Requirement -
Take the lines in the listing below from the line with "Santoni Carte in" up to and including the line with "優勝・準優勝の両選手は型を揃" and set them down exactly, skipping pictures and adding nothing.

Listed records -

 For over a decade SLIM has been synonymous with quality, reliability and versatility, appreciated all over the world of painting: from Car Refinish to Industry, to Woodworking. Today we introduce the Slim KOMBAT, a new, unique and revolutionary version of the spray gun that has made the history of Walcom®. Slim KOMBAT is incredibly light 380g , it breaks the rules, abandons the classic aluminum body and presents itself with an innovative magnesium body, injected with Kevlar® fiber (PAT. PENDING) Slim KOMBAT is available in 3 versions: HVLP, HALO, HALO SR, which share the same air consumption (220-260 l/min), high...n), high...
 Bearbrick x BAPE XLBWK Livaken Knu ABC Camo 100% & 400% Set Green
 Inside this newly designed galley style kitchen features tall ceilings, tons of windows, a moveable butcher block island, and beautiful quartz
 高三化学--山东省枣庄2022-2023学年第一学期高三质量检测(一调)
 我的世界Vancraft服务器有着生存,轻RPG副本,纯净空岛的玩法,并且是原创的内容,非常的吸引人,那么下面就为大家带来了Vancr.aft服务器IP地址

* * *

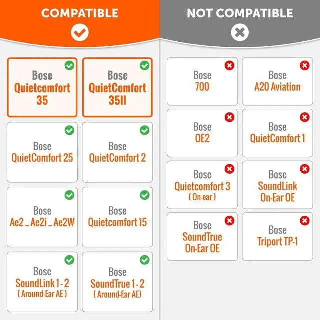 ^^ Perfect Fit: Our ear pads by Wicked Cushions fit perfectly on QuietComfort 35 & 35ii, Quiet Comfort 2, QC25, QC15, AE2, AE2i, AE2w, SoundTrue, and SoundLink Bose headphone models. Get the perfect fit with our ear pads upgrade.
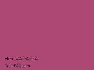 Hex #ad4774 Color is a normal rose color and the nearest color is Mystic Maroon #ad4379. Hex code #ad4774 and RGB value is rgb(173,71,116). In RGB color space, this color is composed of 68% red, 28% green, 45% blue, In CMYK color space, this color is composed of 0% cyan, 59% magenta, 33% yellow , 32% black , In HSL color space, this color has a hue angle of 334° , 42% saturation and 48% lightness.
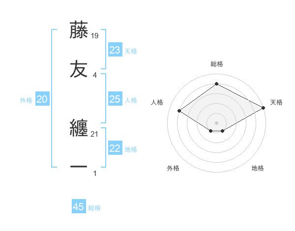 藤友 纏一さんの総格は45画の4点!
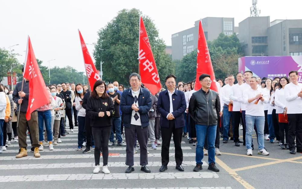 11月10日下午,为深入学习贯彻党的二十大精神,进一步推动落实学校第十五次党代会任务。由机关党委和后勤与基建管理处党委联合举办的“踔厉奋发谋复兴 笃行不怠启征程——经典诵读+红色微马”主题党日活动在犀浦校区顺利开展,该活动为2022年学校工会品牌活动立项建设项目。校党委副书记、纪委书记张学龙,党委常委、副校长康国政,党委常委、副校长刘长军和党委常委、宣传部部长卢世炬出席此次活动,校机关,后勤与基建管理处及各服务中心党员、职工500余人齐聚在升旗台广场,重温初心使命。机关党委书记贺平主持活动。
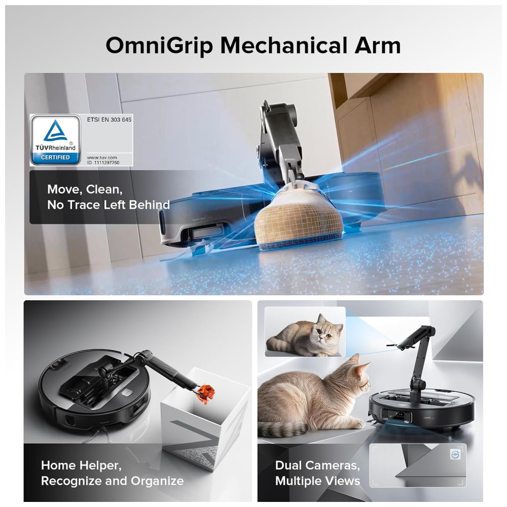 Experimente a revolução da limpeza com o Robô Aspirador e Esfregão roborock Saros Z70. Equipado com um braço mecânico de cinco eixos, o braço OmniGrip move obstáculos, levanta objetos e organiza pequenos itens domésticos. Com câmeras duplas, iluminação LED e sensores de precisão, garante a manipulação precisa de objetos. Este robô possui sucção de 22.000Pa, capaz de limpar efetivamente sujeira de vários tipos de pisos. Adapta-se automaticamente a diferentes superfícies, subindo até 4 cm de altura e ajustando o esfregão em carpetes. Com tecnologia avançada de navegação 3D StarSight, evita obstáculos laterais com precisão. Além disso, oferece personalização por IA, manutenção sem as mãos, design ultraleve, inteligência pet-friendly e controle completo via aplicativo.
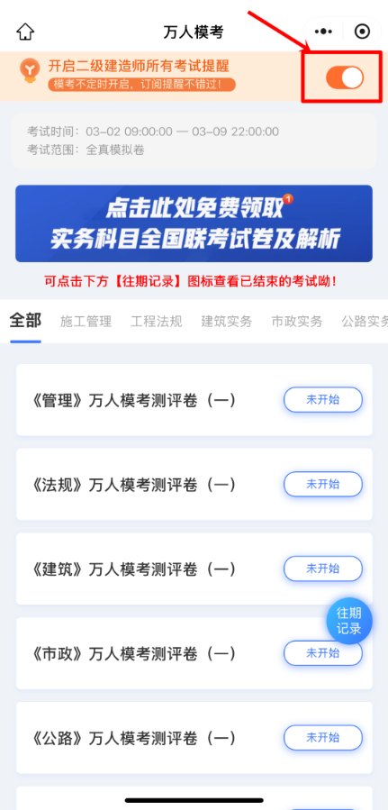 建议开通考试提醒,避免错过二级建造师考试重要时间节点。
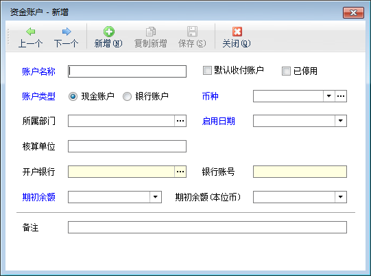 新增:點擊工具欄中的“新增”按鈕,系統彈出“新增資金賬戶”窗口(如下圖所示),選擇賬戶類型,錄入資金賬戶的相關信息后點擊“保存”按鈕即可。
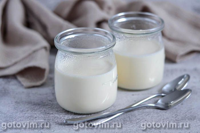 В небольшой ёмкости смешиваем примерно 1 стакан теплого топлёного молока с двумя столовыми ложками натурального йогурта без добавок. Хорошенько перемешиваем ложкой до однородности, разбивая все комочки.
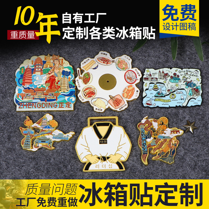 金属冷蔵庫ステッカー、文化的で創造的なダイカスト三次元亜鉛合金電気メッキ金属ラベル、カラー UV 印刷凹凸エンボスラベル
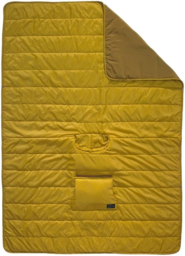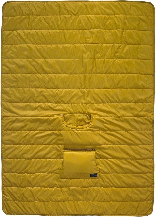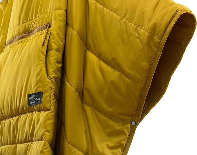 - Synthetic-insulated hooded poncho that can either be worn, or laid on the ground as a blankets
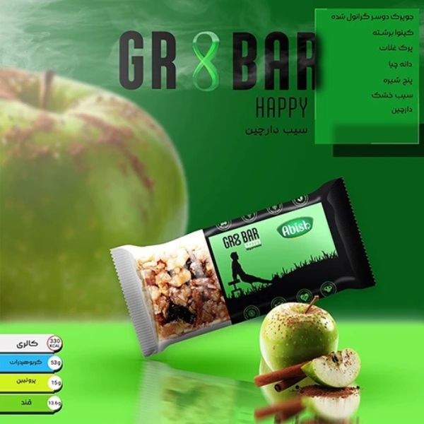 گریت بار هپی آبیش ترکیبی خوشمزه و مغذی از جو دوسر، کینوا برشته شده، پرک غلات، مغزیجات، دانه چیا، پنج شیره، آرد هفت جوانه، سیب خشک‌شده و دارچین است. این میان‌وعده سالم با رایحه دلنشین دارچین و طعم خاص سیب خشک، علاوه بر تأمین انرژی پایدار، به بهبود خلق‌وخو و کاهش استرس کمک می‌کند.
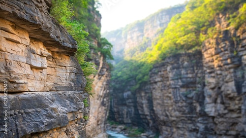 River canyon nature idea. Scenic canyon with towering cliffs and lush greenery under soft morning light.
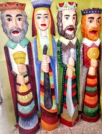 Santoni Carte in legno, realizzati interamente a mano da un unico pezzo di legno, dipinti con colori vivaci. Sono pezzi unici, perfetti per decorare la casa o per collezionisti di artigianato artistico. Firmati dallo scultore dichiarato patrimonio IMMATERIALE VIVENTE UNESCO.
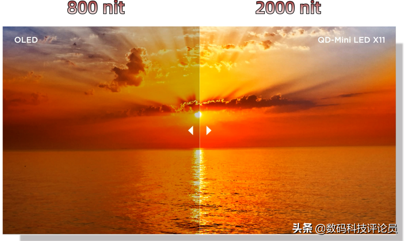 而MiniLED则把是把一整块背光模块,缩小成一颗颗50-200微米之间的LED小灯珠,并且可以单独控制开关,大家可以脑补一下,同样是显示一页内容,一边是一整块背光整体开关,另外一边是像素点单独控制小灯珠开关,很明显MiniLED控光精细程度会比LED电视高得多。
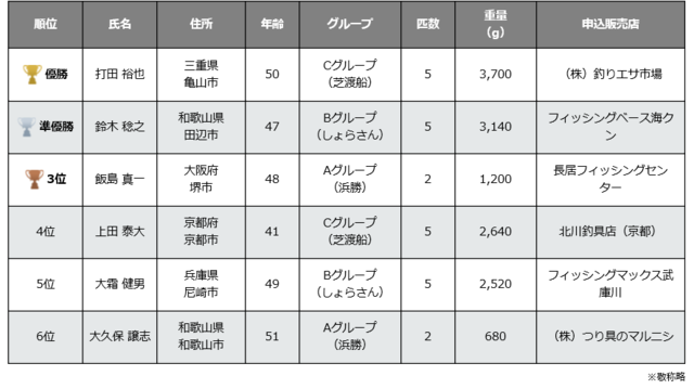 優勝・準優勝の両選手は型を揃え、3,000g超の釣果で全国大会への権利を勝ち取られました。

Result of the task -
 Santoni Carte in legno, realizzati interamente a mano da un unico pezzo di legno, dipinti con colori vivaci. Sono pezzi unici, perfetti per decorare la casa o per collezionisti di artigianato artistico. Firmati dallo scultore dichiarato patrimonio IMMATERIALE VIVENTE UNESCO.
 而MiniLED则把是把一整块背光模块,缩小成一颗颗50-200微米之间的LED小灯珠,并且可以单独控制开关,大家可以脑补一下,同样是显示一页内容,一边是一整块背光整体开关,另外一边是像素点单独控制小灯珠开关,很明显MiniLED控光精细程度会比LED电视高得多。
 優勝・準優勝の両選手は型を揃え、3,000g超の釣果で全国大会への権利を勝ち取られました。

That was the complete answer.